Exercise: Below are entries; output exactly the lines from the one with "Rio Vista demonstrate positive behavior." to the one with "During the first", both included, and nothing else.

Data supplied:
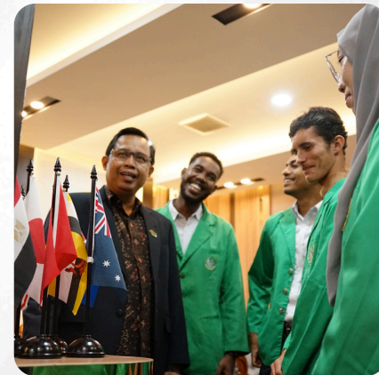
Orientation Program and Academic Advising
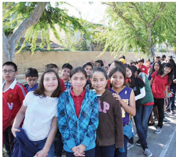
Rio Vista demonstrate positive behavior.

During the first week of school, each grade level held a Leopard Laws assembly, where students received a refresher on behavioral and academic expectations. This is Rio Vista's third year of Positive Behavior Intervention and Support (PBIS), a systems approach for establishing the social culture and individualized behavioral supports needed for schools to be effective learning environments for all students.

--

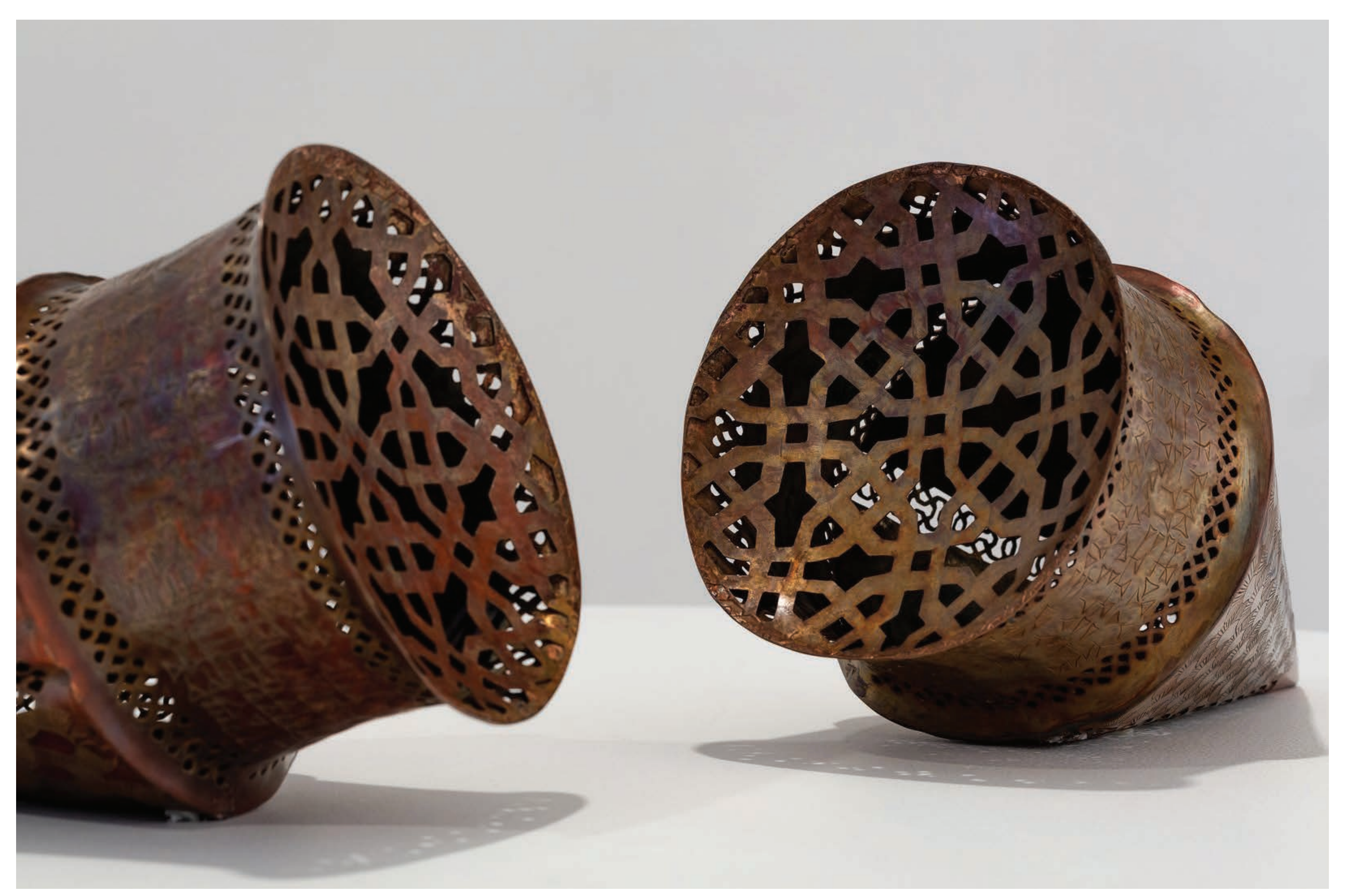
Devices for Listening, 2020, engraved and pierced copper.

--

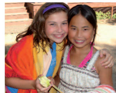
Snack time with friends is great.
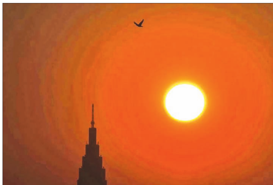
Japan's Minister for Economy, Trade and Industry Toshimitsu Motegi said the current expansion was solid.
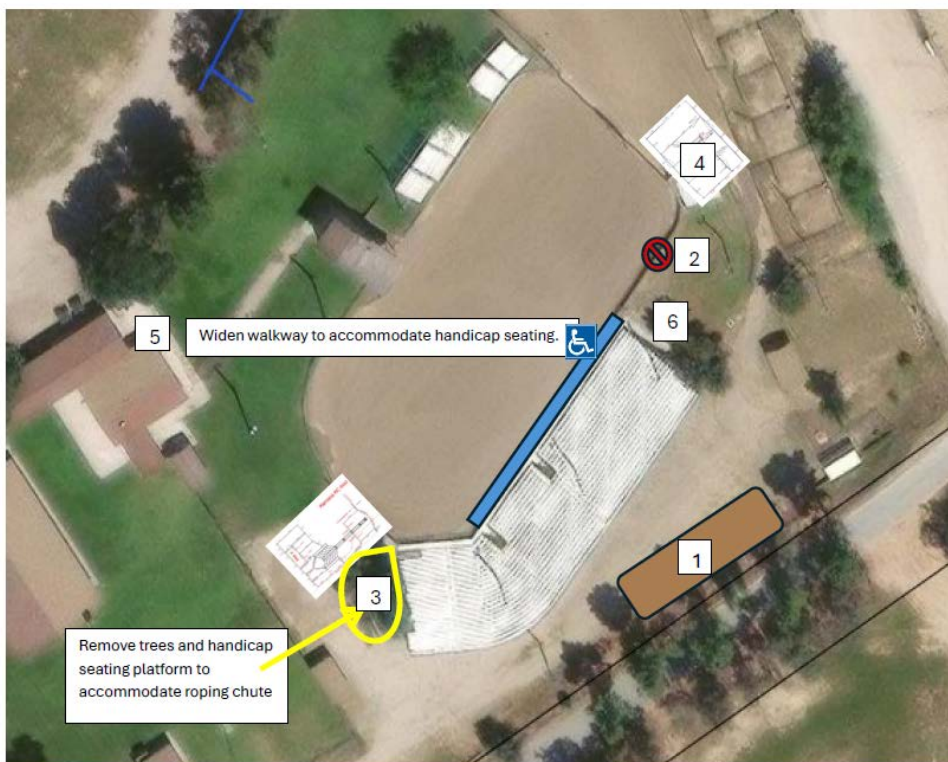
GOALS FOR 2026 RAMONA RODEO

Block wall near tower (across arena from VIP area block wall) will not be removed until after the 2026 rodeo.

Your response:
Rio Vista demonstrate positive behavior.

During the first week of school, each grade level held a Leopard Laws assembly, where students received a refresher on behavioral and academic expectations. This is Rio Vista's third year of Positive Behavior Intervention and Support (PBIS), a systems approach for establishing the social culture and individualized behavioral supports needed for schools to be effective learning environments for all students.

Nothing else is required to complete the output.